Open thwan11 opened 1 month ago
@thwan11 Thank you for sharing this diagram! (Because the original diagram is wrong)
This is the revised diagram (we note that the stride of the convolution at the upsampling layer is converted to one).
For the resizing method, we usually use bilinear upsampling (or rarely, nearest neighbor upsample). Then, we pass standard convolution with stride == 1, same as that of ConvTranspose2D method.
Note: Can we make skip connections between the encoder and the decoder?
I have additional questions about the revised picture.
Each layer in the decoder part is written as Upsample(a, b). I understood the corresponding a and b as c_in and c_out respectively. However, if the above reasoning is correct, each layer of the decoder in the picture does not match the dimension. Did I get this wrong or is it typo?

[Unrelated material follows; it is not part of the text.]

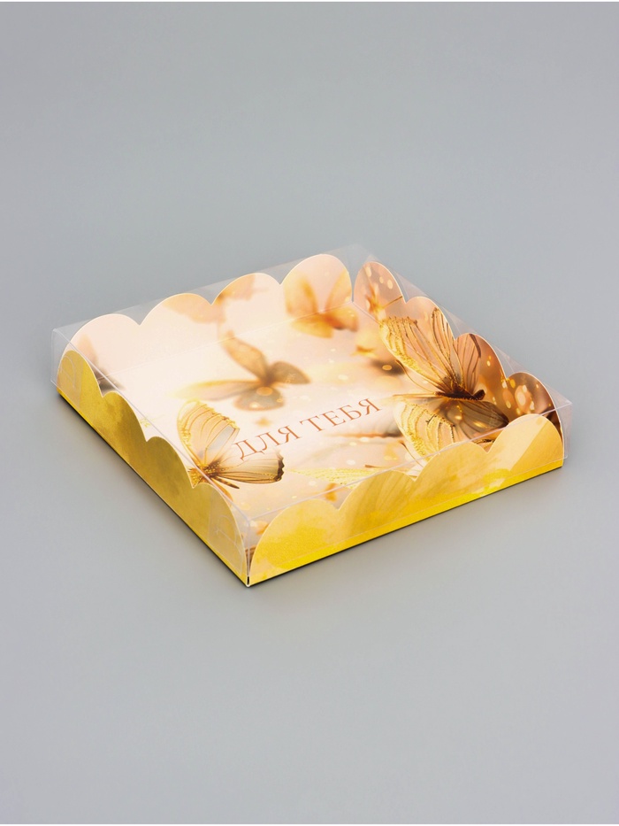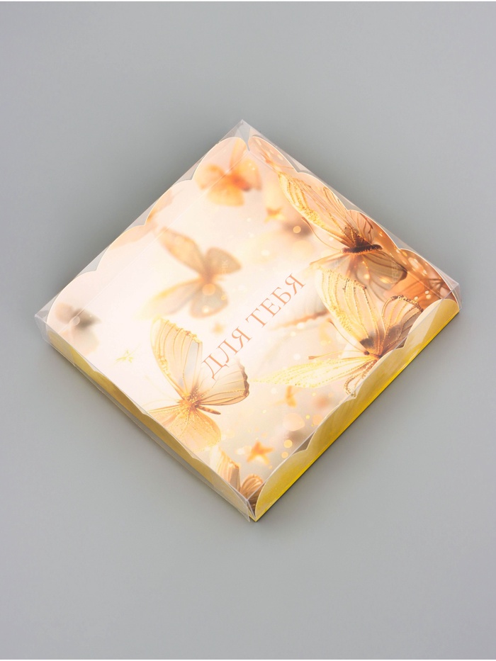 Прочный картон обеспечивает надежную защиту содержимого, а прозрачная крышка позволяет сразу оценить внешний вид угощений без необходимости открывать коробку.

Also, I can infer that to restore z to x', we need to double the height and width in each resize process, is this correct?
@defchltldn
Wow, thank you for checking! I modified the decoder channel in the above issue.
Yepp, our Resize option (Frequently Bilinear or upsample operation) doubles our feature map region in this process.
I'm having difficulty understanding the feature map transformation during the upsampling process in the autoencoder architecture.
Specifically, in the provided diagram, it is unclear how the feature map changes after each upsampling block. For instance, after the first upsampling step, it's not clear how the transformation occurs from (64, 32) to the subsequent layers, particularly with respect to both the channel size and spatial dimensions.
Could you please provide more details on the feature map size transformation and the specific upsampling method used?
Thank you.